Once you know what type of orchid you have and what growing conditions it requires, they are not particularly difficult to grow. Indoors, they thrive by a brightly lit window that faces east, south, or west. A shady, north-facing window may not provide enough light to encourage flowering.

Out of time

Orchids love spending time outdoors in the warmer seasons. After nighttime temperatures reliably remain above 60 degrees, place them in an outdoor spot that receives the appropriate light.

No more than a few hours of morning sun or dappled light (too much direct sun will burn the foliage) is required for shade-loving orchids like Phalaenopsis and Paphiopedilum, while sun-loving orchids like most of the day prefer direct sun for most of the day like Vandas.

Epiphytic orchids require special orchid mix, not potting soil, when grown in containers. Orchid mixes are usually based on chopped fir bark.
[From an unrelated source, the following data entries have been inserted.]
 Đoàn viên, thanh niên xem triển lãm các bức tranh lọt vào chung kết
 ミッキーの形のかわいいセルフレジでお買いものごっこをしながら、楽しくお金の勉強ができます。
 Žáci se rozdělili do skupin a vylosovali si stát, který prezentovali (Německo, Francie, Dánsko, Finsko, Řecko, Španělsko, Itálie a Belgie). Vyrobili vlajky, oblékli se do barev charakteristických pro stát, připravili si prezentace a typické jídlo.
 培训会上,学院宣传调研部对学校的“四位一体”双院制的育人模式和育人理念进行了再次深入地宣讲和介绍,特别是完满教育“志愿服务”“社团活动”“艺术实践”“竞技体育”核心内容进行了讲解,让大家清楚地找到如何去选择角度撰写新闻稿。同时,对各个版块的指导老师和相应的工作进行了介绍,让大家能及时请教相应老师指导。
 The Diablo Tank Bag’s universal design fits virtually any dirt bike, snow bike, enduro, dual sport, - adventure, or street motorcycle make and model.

Many orchids should be potted in medium bark mix or medium bark mix (medium bark with perlite and chopped peat moss). Others need a coarser bark mix, and some grow on cork or wood trays, or in wooden baskets without any mix at all. Again, it depends on the type of orchid you are growing.

Pour right

Watering orchids indoors is best done indoors at the sink. Run lukewarm water through the mixture for about a minute until completely moistened. Just use a hose or watering can outdoors.
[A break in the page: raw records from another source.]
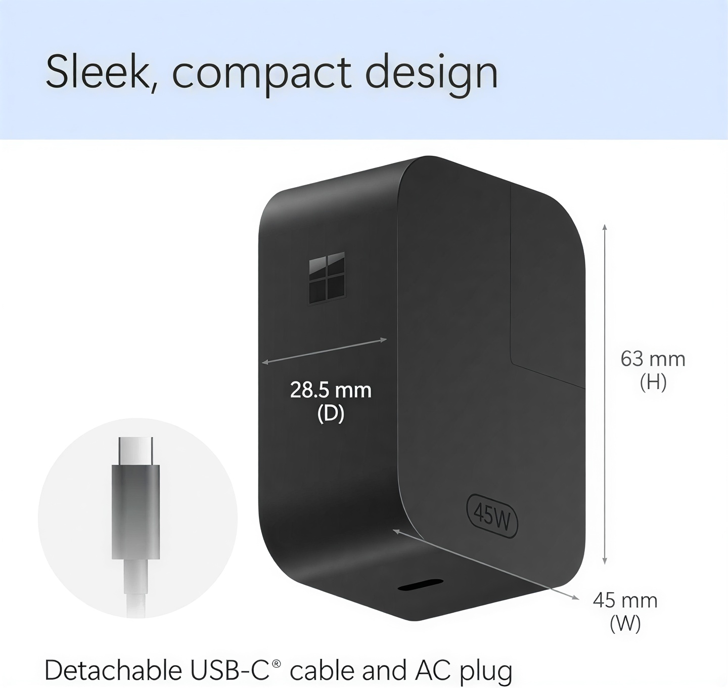 Experience reliable, high-speed charging with the Microsoft Surface 45W USB-C Power Supply. Featuring a magnetic Surface Connect tip and Power Delivery (PD) technology, this compact black adapter is the perfect travel-friendly replacement for bulky original chargers.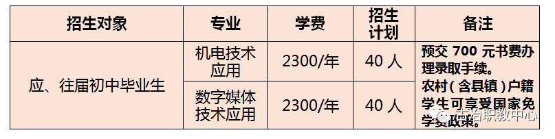 备注:各县区初中毕业生均可报名。农村(含县镇)户籍学生可享受国家免学费政策。
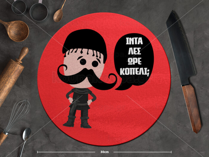 Κρητικός "Ίντα λες ωρέ κοπέλι", Επιφάνεια κοπής γυάλινη στρογγυλή (30cm)
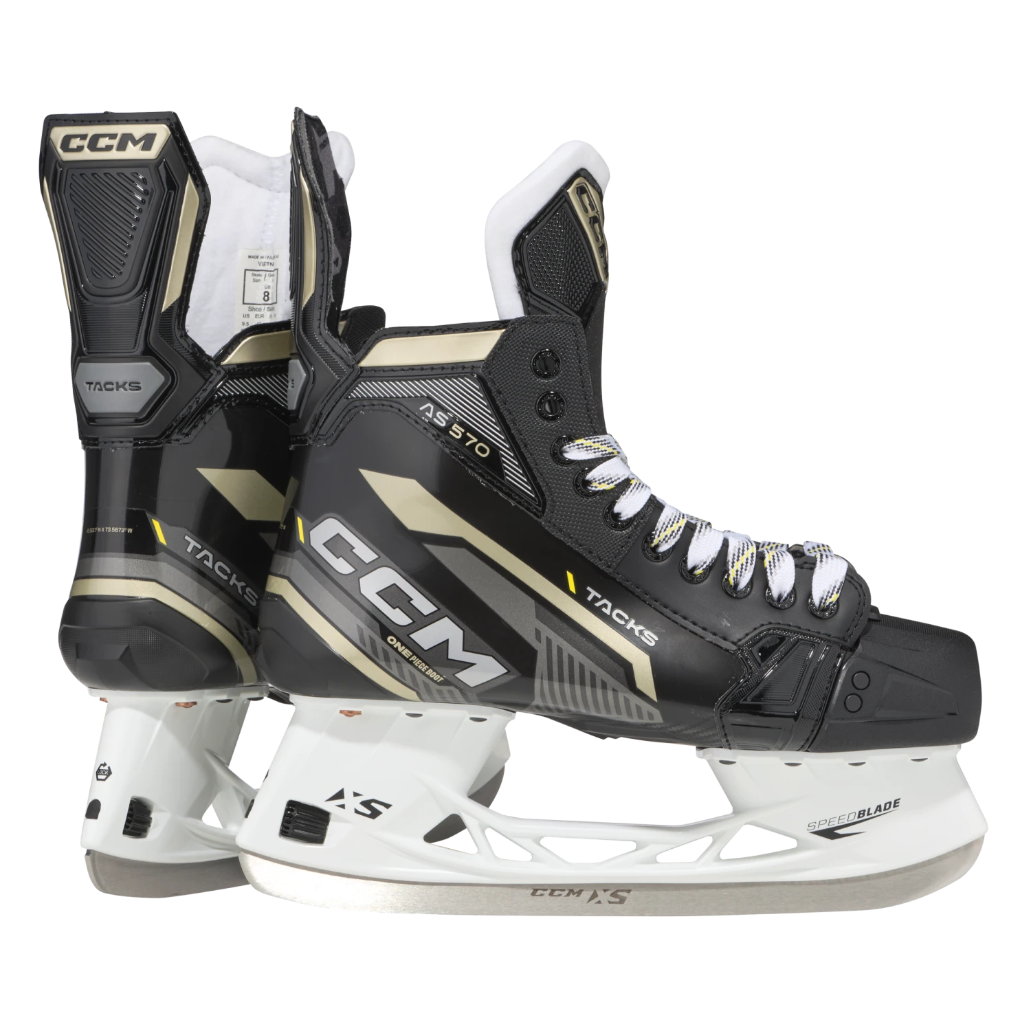 An ultra-lightweight footbed, a closer fit, and a solid core. The TACKS AS 570 hockey skates are all about delivering more power on the ice. Take advantage of their one-piece boot for more direct energy transfer and longer strides.

Beginner orchid growers unfamiliar with growing plants in these mixes tend to over-dry their orchids. Sometimes an orchid in a plastic pot is placed in a decorative ceramic outer pot with no drainage holes. In this situation, remove the orchid from the outer pot to water it so the mixture can drain properly.

Fertilize your orchids once or twice a month from spring to early fall. Use a soluble fertilizer (e.g. 20-20-20) according to label directions. Outside, you can apply the fertilizer solution with a watering can or a hose-ended fertilizer applicator.
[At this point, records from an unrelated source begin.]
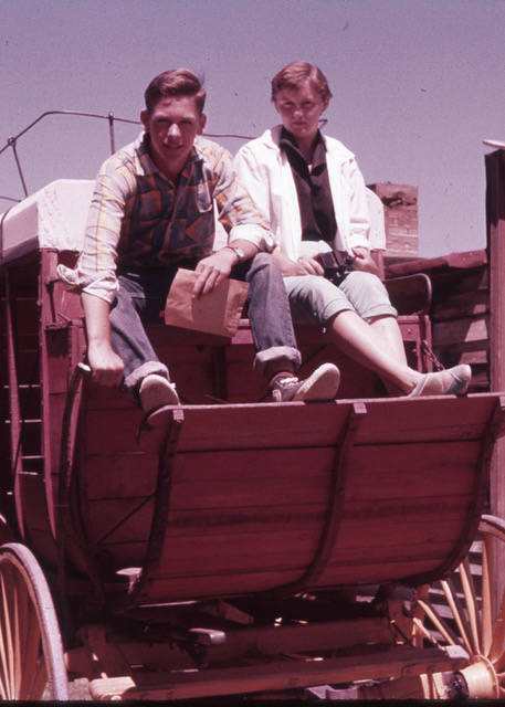 Ross Hamilton and Kathy Haney enjoy a childhood summer vacation in their youth; the photo is dated 1957. Six decades later, they married. Submitted photo
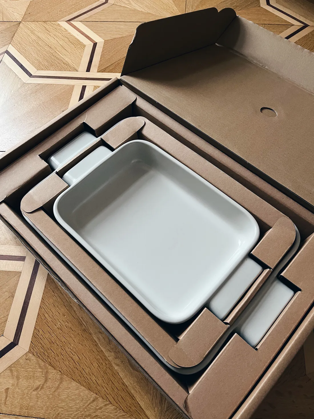 Všechny produkty Fabini, které mi kdy přišly domů, byly velmi pečlivě zabalené. Samotné nádobí je schované do pevné lepenkové krabice, která je ale schovaná ještě v jiné krabici - takže dvojnásobná ochrana, abyste se nemuseli bát rozbitých nebo poškozených kousků. Na fotce už je ta vnitřní krabice.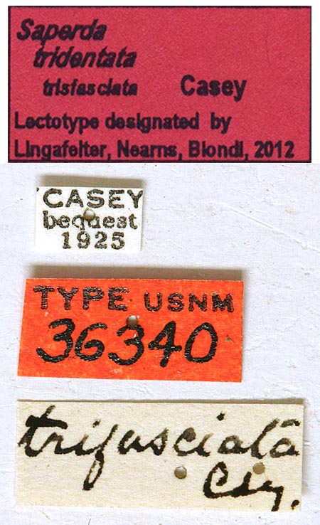 Saperda tridentata trifasciata Casey Specimen Type: holotype Institution: NMNH United States National Museum, Washington, DC, USA Photographer: Steve Lingafelter Collection Location: Indiana 40197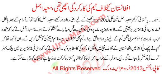 Saeed Ajmal Was The Team's Performance Against Afghanistan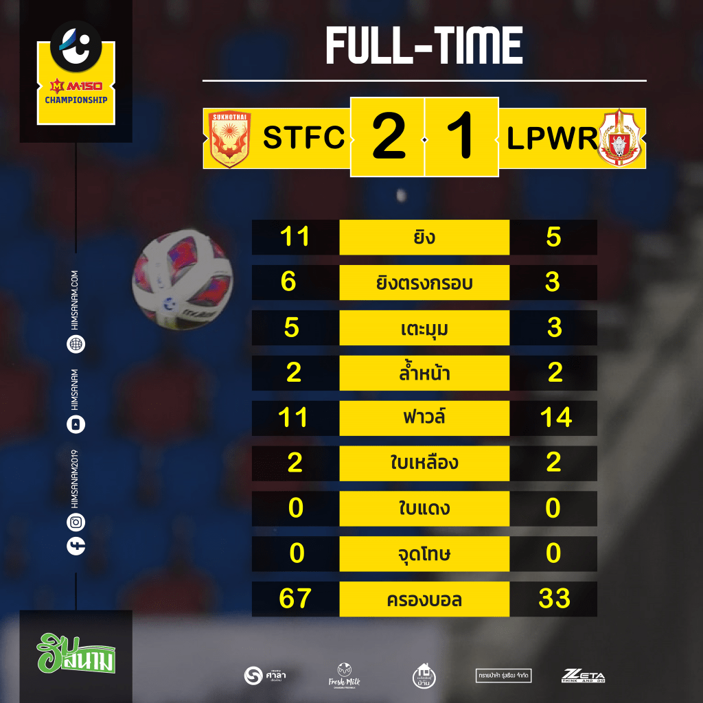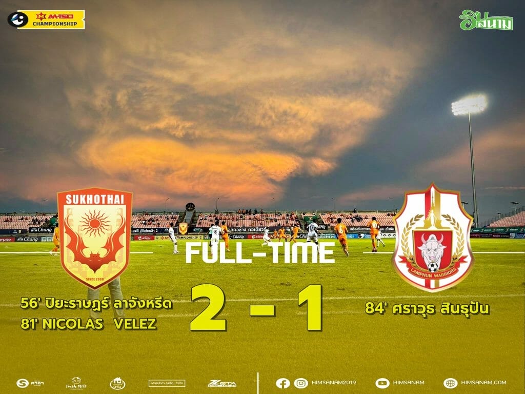 จบการแข่งขัน สุโขทัย เอฟซี เปิดบ้านชนะ ลำพูน วอริเออร์ 2-1 เป็นชัยชนะในบ้านนับแต่ออกสตาร์ทฤดูกาล สามเกมส์ติด ขณะ ทีมเยือน เป็นความพ่ายแพ้นัดเเรกของฤดูกาลจากการเล่น 4 เกมส์

I have a small collection of indoor orchids and often fertilize them by mixing up a fertilizer solution in a bucket. I simply dip each plant individually into the solution for a minute and drain them back into the bucket. I can then use the leftover fertilizer solution to water other plants that I want to fertilize that are growing in containers or beds.

To learn more about orchids and see some lovely exhibits, plan to visit the New Orleans Orchid Society’s annual spring exhibit and sale at the Lakeside Shopping Center June 3-5. It is free and open to the public.

Alongside the show, there are numerous vendors selling a wide range of orchid plants and orchid growing products, and many experts to answer questions. For more information, visit www.neworleansorchidsociety.org.

70th New Orleans Orchid Society Exhibition

WHAT: The largest orchid exhibition in the deep south with traders Sale of orchid plants and accessories.

WHERE: Lakeside shopping mall

IF: Friday, June 3, 10 a.m. to 9 p.m.; June 4, 10 a.m. to 9 p.m.; June 5, 12 p.m. to 4 p.m

MORE INFO: neworleansorchidsociety.org. Orchid Society meetings are held monthly; Fees are $20.